He had dark dreams in the books, as did several other characters, either those with divine blood or those who gods had chosen as their messengers, like the Oracle.

These dreams were always vague, foreboding, and almost contradictory.

People had bad dreams in so many books, Rae usually just thought of bad dreams as foreshadowing.

Dreams were more subtle than having someone write “DOOM IS COMING!” in blood on a castle wall.

Sometimes the Emperor’s dreams seemed to be of events to come, but all he dreamed did not come to pass.

Some readers said the dreams might still come true, some said they were metaphors for how he felt.

Different readers believed the Emperor’s dreams were prophecy, trauma, or memory, but nobody had the last book or the answers.

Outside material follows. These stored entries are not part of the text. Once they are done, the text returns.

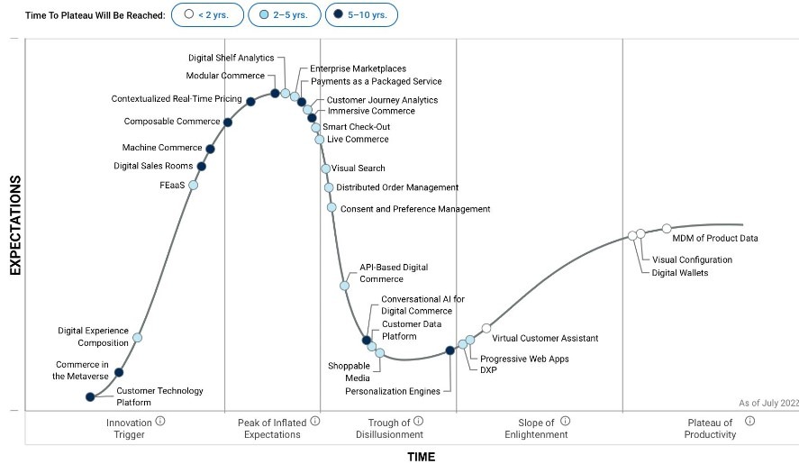 Vad händer egentligen inom composable commerce, Modular Commerce, headless, API-first commerce och alla andra megatrender inom e-handel. Gartner Hype Cycle for Digital Commerce har släppts i sommarvärmen och innehåller en hel del matnyttigt.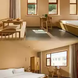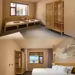 🌀The whole house of the homestay uses solid wood custom furniture, which combines classical Zen with modern elegance, and can show taste everywhere. Every decoration is carefully selected by the owner, cleverly borrowing the scenery, bringing the magnificent mountain scenery of Mount Wutai into the room, and contrasting with the wooden structure and the clear shadows of the bamboo, creating a quiet atmosphere that transcends the world💯💯💯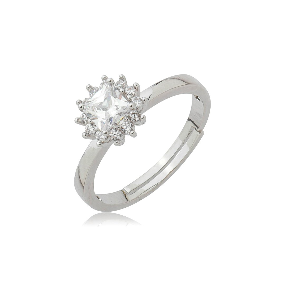 Anel cravejado de zircônia cristal banho em Ródio branco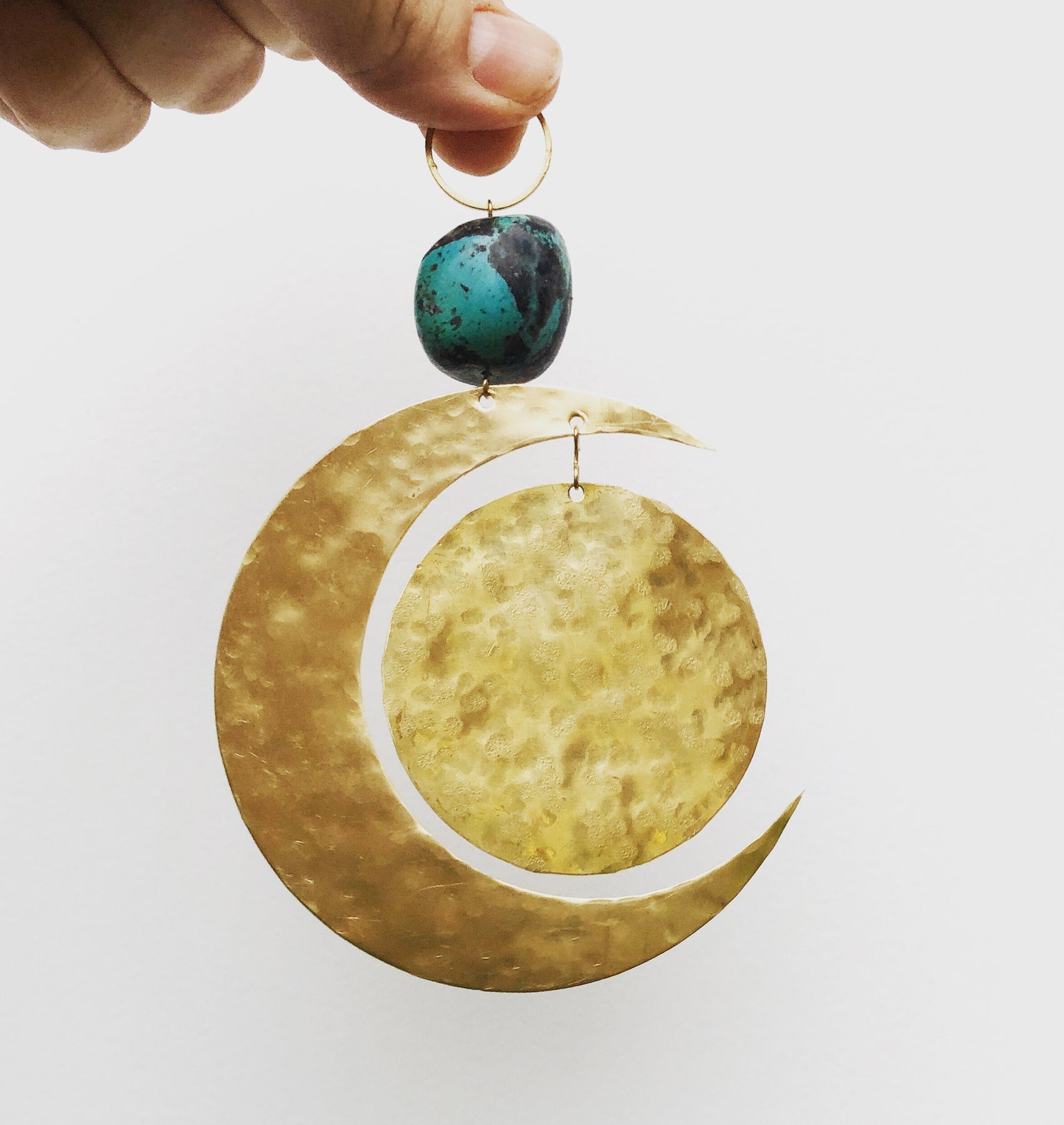 **Please note: our pieces are made by hand by our team of women artisans from hand-cut and hammered brass. Slight inconsistencies, imperfections and the natural beauty of brass and gemstones are what make our pieces unique.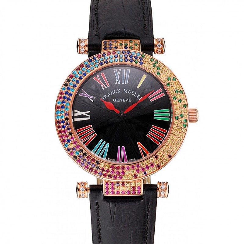 Franck Muller Double Mistery 4 Saisons Cadran Noir Or Rose Bracelet en cuir noir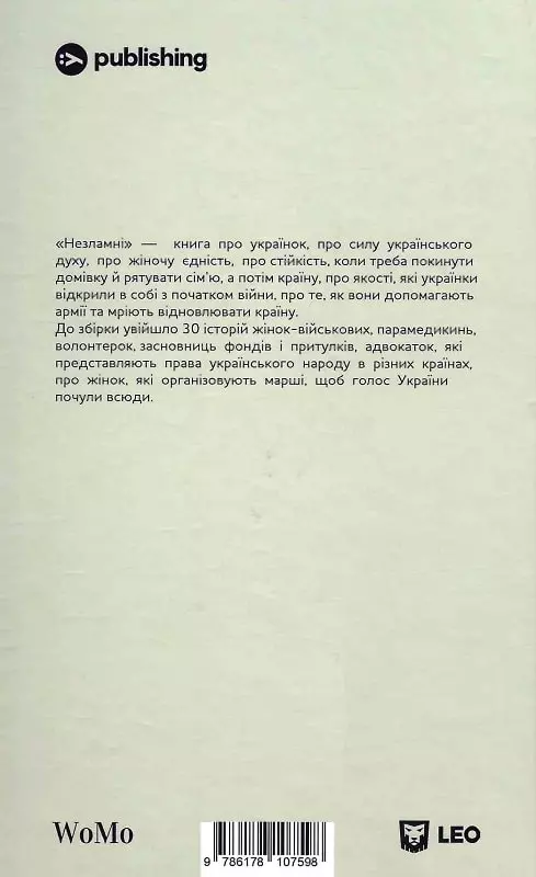 «Незламні» — книга про українок, про силу українського духу, про жіночу єдність, про стійкість, коли треба покинути домівку і рятувати сім’ю, а потім країну, про якості, які українки відкрили в собі з початком війни, про те, як вони допомагають армії та мріють відновлювлювати країну.
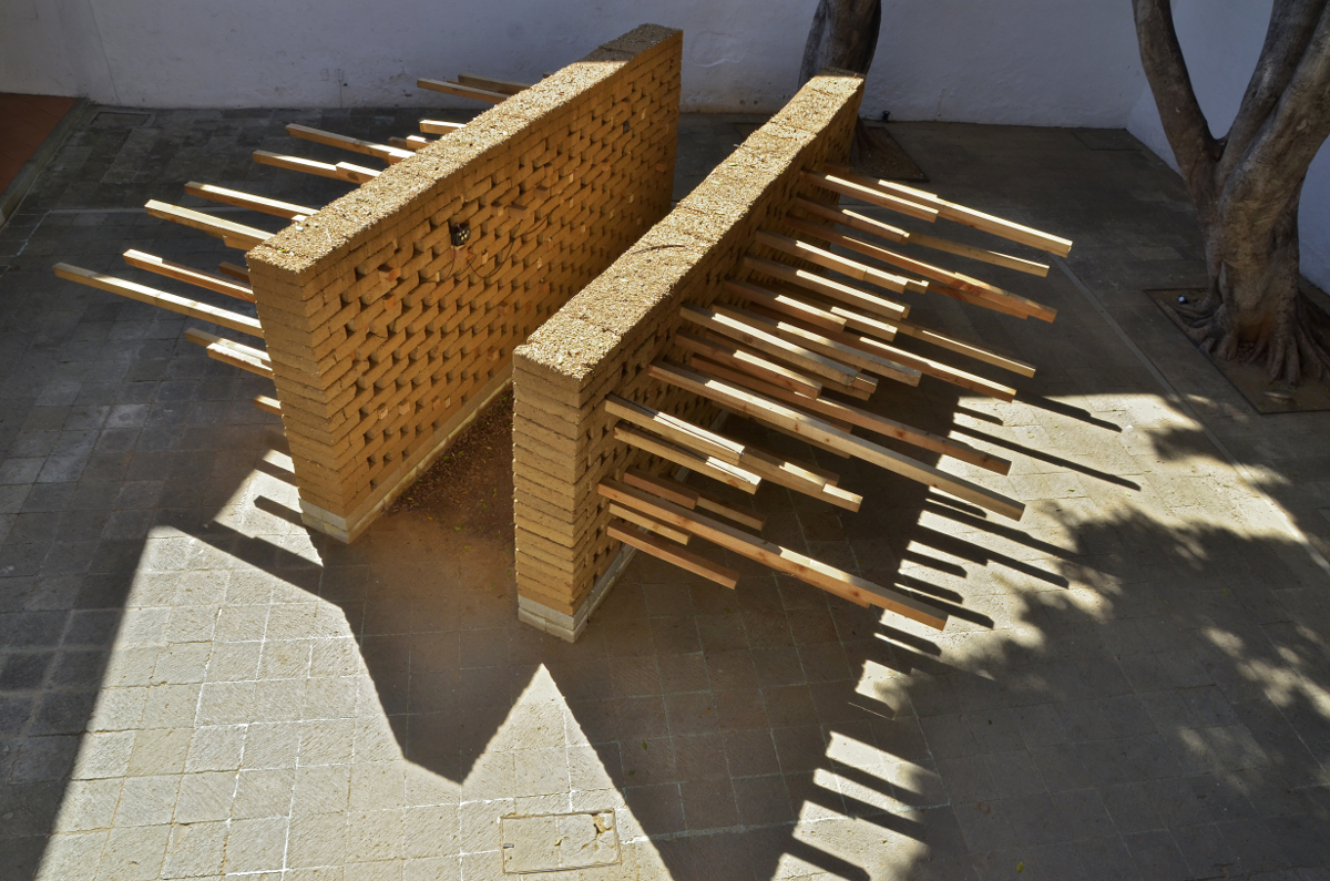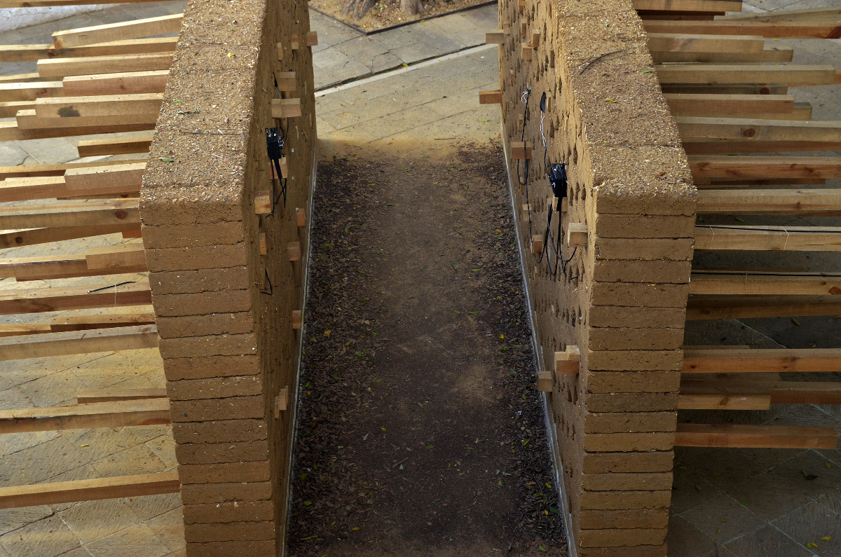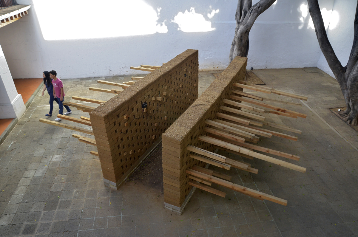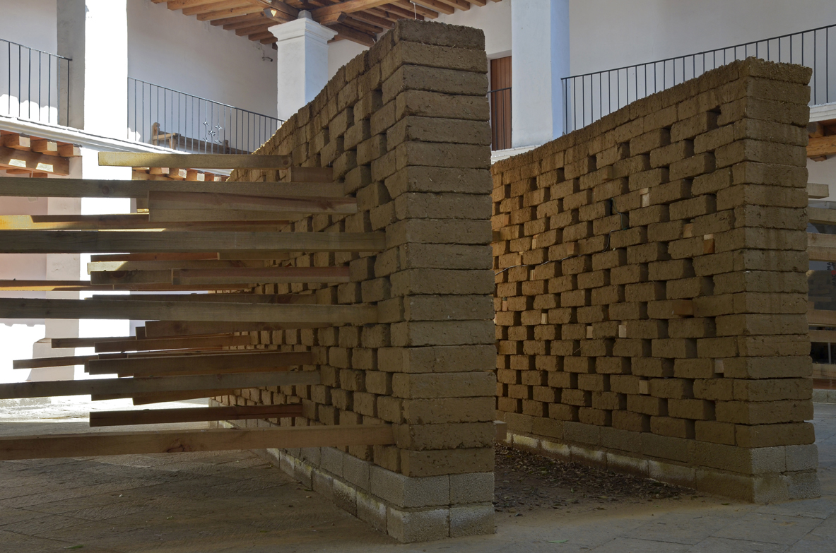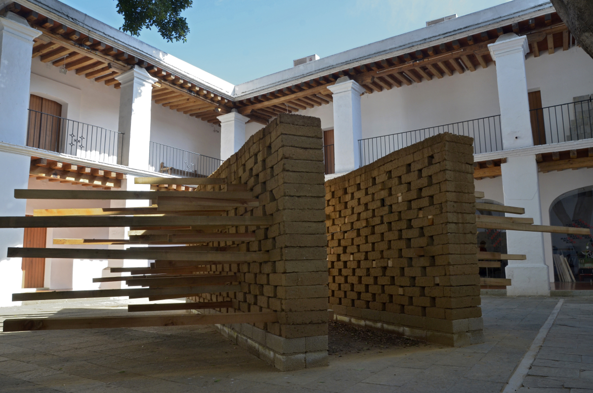 This is a Pavilion of primal materials and sound, divides a courtyard by means of two adobe walls creating a route and modifying the acoustic properties of the place.

Key didn’t know what Rae knew. She had that advantage. But she must be careful. She had read his battle plans, his future great victories and his elaborate, vicious revenge schemes. She knew better than anyone in this world how clever the Emperor truly was.

“I’ve read legends of other gods,” Rae said slowly. “In the legends, more than one god eats their children. Gods can be cruel.”

Key’s teeth gleamed like broken glass. “Just as I can be so cruel.”

“I was thinking about fathers,” said Rae.

In Greek legend, Cronus ate his children until his son Zeus defeated him, then Zeus ate his own unborn daughter, in a cycle of family trauma and disordered eating.

Gods didn’t deserve Dad of the Year mugs.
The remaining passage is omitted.